Réponse apportée en séance publique le 21/11/2013

M. Manuel Valls, ministre. Vous avez raison, madame Assassi : il faut, sur ces questions, partir d'outils fiables et solides.

J'ai souhaité que les statistiques de la délinquance intègrent pleinement le champ de la statistique publique, avec la mise en œuvre de toutes les règles que cela suppose. Nous devons en effet avoir l'assurance que l'évaluation de la délinquance est établie selon des standards précis.

J'ai voulu conforter l'Observatoire national de la délinquance et des réponses pénales, qui, en dix ans, à partir de rien - je veux le souligner - a réussi progressivement à s'imposer sur cette question. Son indépendance, son autorité, sa légitimité doivent être préservées et garanties dans la durée. Sa présidence est désormais confiée à un inspecteur général de l'INSEE.
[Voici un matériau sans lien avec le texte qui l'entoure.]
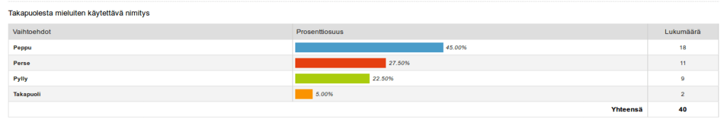 Takapuolesta suosituin nimitys oli ”peppu”. Toiseksi suosituin oli perse ja kolmanneksi suosituin pylly. Jos vastauksia katsoi sukupuolen mukaan, naisilla suosituimmat olivat peppu ja pylly. Miesten vastauksissa peppu ja perse olivat lähes yhtä suosittuja.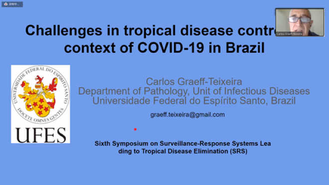 主题论坛Ⅱ:热带病控制与消除现状及面临的挑战。巴西圣埃斯皮里图联邦大学Carlos Graeff-Teixeira教授讲述了巴西热带病防控的最新进展以及新冠疫情对热带病控制带来的挑战,津巴布韦国家卫生研究所所长Nicholas Midzi教授重点展示了吡喹酮化疗后津巴布韦血吸虫病最新调查结果;巴布亚新几内亚卫生部疟疾项目专家Leo Makita介绍了中国-澳大利亚-巴新三方疟疾防控项目的工作进展。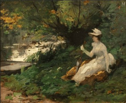 La scène est charmante, la composition parfaite. Assise au bord de la rivière, sans doute le Loing –l’artiste vécut et travailla de longues années à Grez-sur-Loing–, une femme chapeautée et gantée rêve. Une touche souple, des ombres ajustées, des jeux de lumière filtrant à travers les feuillages, une scène en pleine nature : l’artiste fait bien ici œuvre impressionniste. Sur la gauche de la toile se devine une barque, comme une invitation au voyage.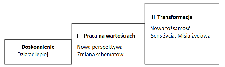 Coachingu Rozwojowym proponujemy pracę na 3 poziomach. Jak głęboko chce pracować klient, zależy od potrzeb i jego gotowości w danym momencie życia.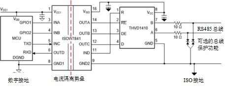 隔离可防止系统两个部分之间的直流电(DC)和异常的交流电(AC),但仍然支持两个部分之间的信号和电能传输。隔离通常能够阻止电气组件或人员遭受危险电压和电流浪涌的伤害;用于保护人员的隔离称为增强型隔离。隔离可防止节点之间进行长途通信时形成接地回路。隔离还允许远高于RS-485标准所推荐的节点间通信接地电位差变化率。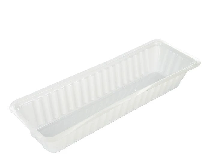 Witte langwerpige bakjes geschikt voor een frikandel, loempia, braadworst of andere snacks. Een verpakking bevat 250 bakjes.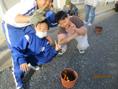 子供たちは、講師の先生から火のおこし方を教えていただいた後、二人一組になって火をおこしました。二人が息を合わせて、そして粘り強く火起こし器(まい切り式)を動かして、全員が火起こしに成功しました。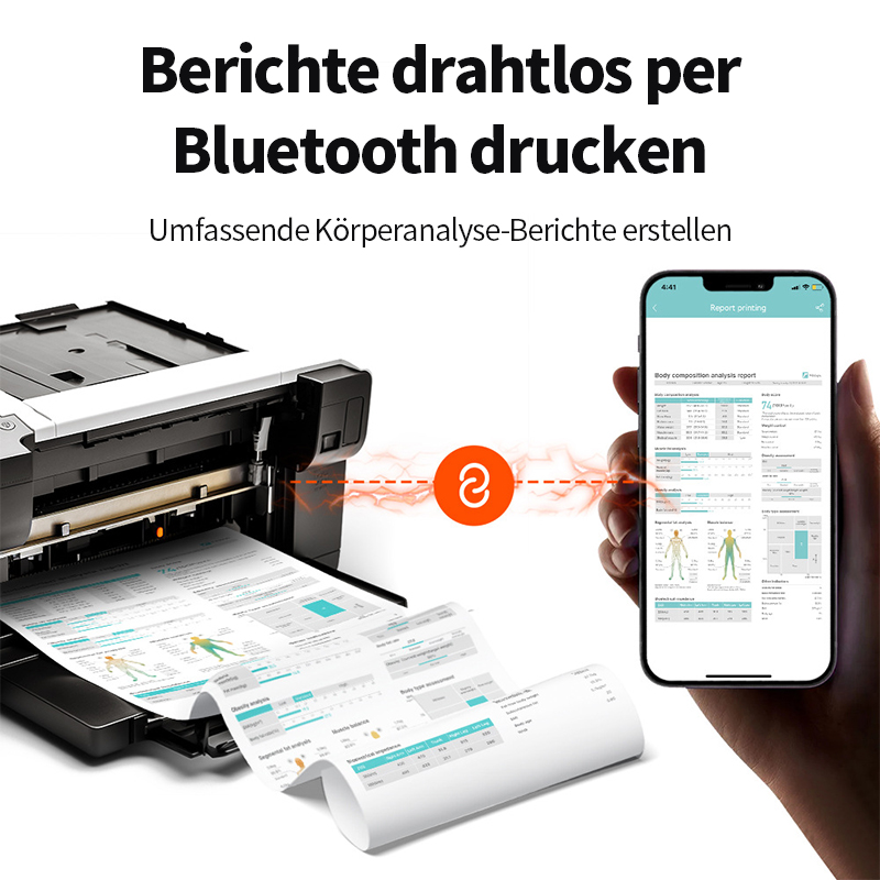 Verbinden Sie die Waage einfach per Bluetooth, um in der App umfassende Körperanalyse-Berichte zu erstellen.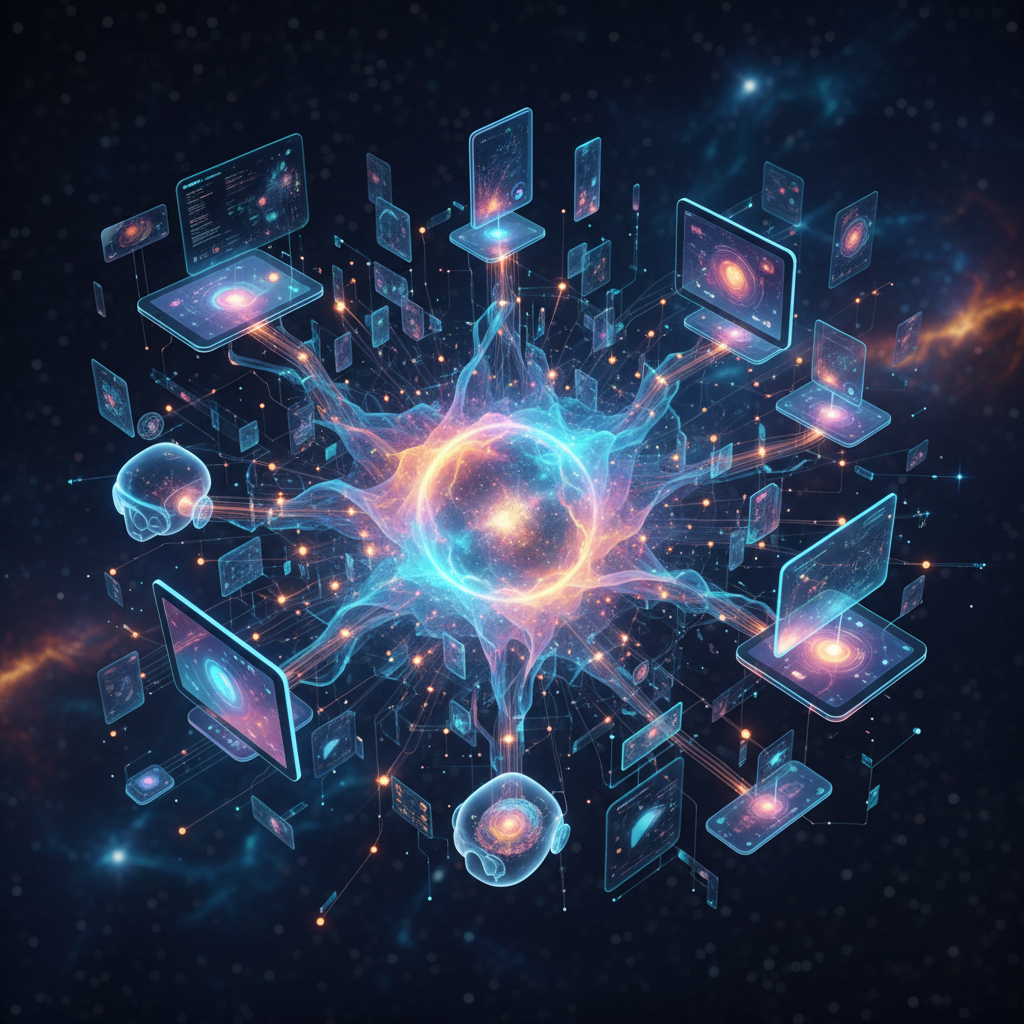 Wizja przyszłości wyszukiwania informacji – sieci AI łączące różne urządzenia i źródła

Par ailleurs, conformément aux recommandations du rapport de l'Inspection générale de l'administration que vous venez d'évoquer, un service statistique ministériel sera créé début 2014 au ministère de l'intérieur, suivant les exigences de l'INSEE en matière de statistiques publiques.

J'ai validé, ce matin, la candidature proposée par le comité de sélection pour diriger ce service. Il s'agit d'un inspecteur général de l'INSEE à l'expérience très riche et très diversifiée. Désormais, des statisticiens extérieurs à la police et à la gendarmerie contrôleront les processus de production des statistiques de la délinquance dans mon ministère, ce vers quoi aucun de mes prédécesseurs n'avait souhaité aller.

Il s'agit d'un changement profond dont je voudrais que l'on apprécie toute la portée. Ce sont des mesures importantes, qui ouvrent la voie à une réforme de fond, portant sur l'ensemble du processus d'élaboration, de contrôle et de diffusion des statistiques de la délinquance.

J'ai souhaité ainsi redonner à celles-ci leur véritable vocation : garantir la transparence du débat public et être un outil au service de l'action des policiers et des gendarmes pour agir avec efficacité et pragmatisme face aux défis de la délinquance.

Il faut nommer les choses, puis les mesurer. C'est le réel qui doit gouverner notre action. Ce réel doit s'imposer sur l'ensemble de la chaîne pénale.

M. le président. La parole est à Mme Éliane Assassi, pour une réplique qui ne devra pas excéder quelques secondes. (Sourires.)

Mme Éliane Assassi. Je vous remercie, monsieur le ministre, de ces éléments. Les mesures annoncées sont effectivement significatives Il n'est pas dans mon habitude de saluer les mesures prises, mais il faut effectivement, en l'espèce, relever leur importance.

Cela dit, je pense que de nombreuses pistes pourraient être exploitées pour mettre en place de nouveaux critères fiables qui permettraient de rendre compte de l'action policière dans toute sa diversité et sa complexité, à savoir la prévention, la dissuasion et la répression. Ce triptyque ne pourra être assumé par les forces de l'ordre que si on leur donne les moyens adéquats. Nous y reviendrons à l'occasion du débat budgétaire.